Home. The place where I spent my 23rd birthday in February, in bed, stuck in a cycle of deactivating and reactivating my socials, deleting contacts, and shedding off all of the old skin. Somehow I knew kuzode kulungle.

I then moved to Durban, late February, to embark on a new and much anticipated journey in film school, a four year dream finally being realised. New skin, new place, and a new mindset. I knew this was a second chance for me, I had made it out of 2020 alive and all I had to do now was to tell a different story.

The first few months in this new place were all about taking it all in, observing the way the people moved, spoke and interacted with life while simultaneously remaining hidden in a shell. The lessons were my party and the tests were the morning after debrief sessions with friends. The second semester is what truly stood out for me, this is when I told my life story in the most honest way using my body and words. In the beginning I took Live Performance Studies for the sake of having fun but emerged a different person. I emerged from the shell.

I wrote and stared in a stage play that focuses on cultural evolution, KwaThandabantu. It is a direct representation of village life today, a story that has always been close to my heart. KwaThandabantu challenges patriarchy, agesim, interracial relations, and homosexuals or queer people finding their place in the black community in South Africa today.

Before writing the play I, along with the rest of my class mates, visited a Pan African Arts Centre and Heritage Site called Wushwini in Inanda, KwaZulu-Natal. During our visit, I saw a group of young school girls, on an excursion just like us, standing on a wall inside a kraal like area that operated as an open theatre.

At first, the sight had me questioning why the girls would even step foot in such a sacred place, but then I remembered I wasn’t home and this was not an actual kraal. I also realised that my concerns were changing from “why are those in there” to “why the hell can’t those girls be in there”.

I knew all this thinking had to change, and that is why I wrote KwaThandabantu, which follows the story of a young half Indian and half Zulu chief, who also happens to be a woman, as she chairs her first community meeting in her village. Her arrival is met with both opposition and warmth amongst the community representatives and some family members.
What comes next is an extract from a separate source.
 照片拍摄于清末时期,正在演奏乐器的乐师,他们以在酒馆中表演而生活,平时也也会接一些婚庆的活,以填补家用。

This leaves the community at loggerheads with each other about what they really want for their own home.

Looking back at the collection of photographs that I have taken, I think I have always wanted to be a voice for the forgotten ones, embracing the forgotten culture and language while still acknowledging it’s flaws.
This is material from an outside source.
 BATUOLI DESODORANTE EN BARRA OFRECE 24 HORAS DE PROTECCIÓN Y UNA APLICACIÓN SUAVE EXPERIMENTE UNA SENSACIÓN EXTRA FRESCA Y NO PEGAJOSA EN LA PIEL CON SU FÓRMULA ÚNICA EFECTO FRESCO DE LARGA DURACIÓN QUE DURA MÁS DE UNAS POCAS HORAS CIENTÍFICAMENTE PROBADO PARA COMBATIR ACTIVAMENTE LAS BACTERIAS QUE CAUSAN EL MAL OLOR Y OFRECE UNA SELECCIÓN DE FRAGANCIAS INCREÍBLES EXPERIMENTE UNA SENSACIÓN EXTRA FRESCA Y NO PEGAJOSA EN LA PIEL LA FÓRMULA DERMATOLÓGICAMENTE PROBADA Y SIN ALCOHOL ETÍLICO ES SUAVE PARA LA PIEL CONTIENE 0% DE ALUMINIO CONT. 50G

WRITTEN BY LITHALELANGA VENA COURTESY OF AESTHETIKSELEKTOR THE YEAR BOOK CLASS OF 2021 PHOTOGRAPHS BY LITHALELANGA I worked on seven different student films this year, as a performer, a producer, and a cinematographer, but this play stood out the most for me, followed by a short film titled ‘Death Do Us Part’ – a William Shakespear’s Sonnet 130 reference, in which I played the character of a loving and devoted Asanda. 2021, was unkind, then kind, and then unkind again. It started with grief and ended with grief again, taking away my sister and my uncle whom I loved dearly, but I came out a friend, a daughter, a student, and a performer.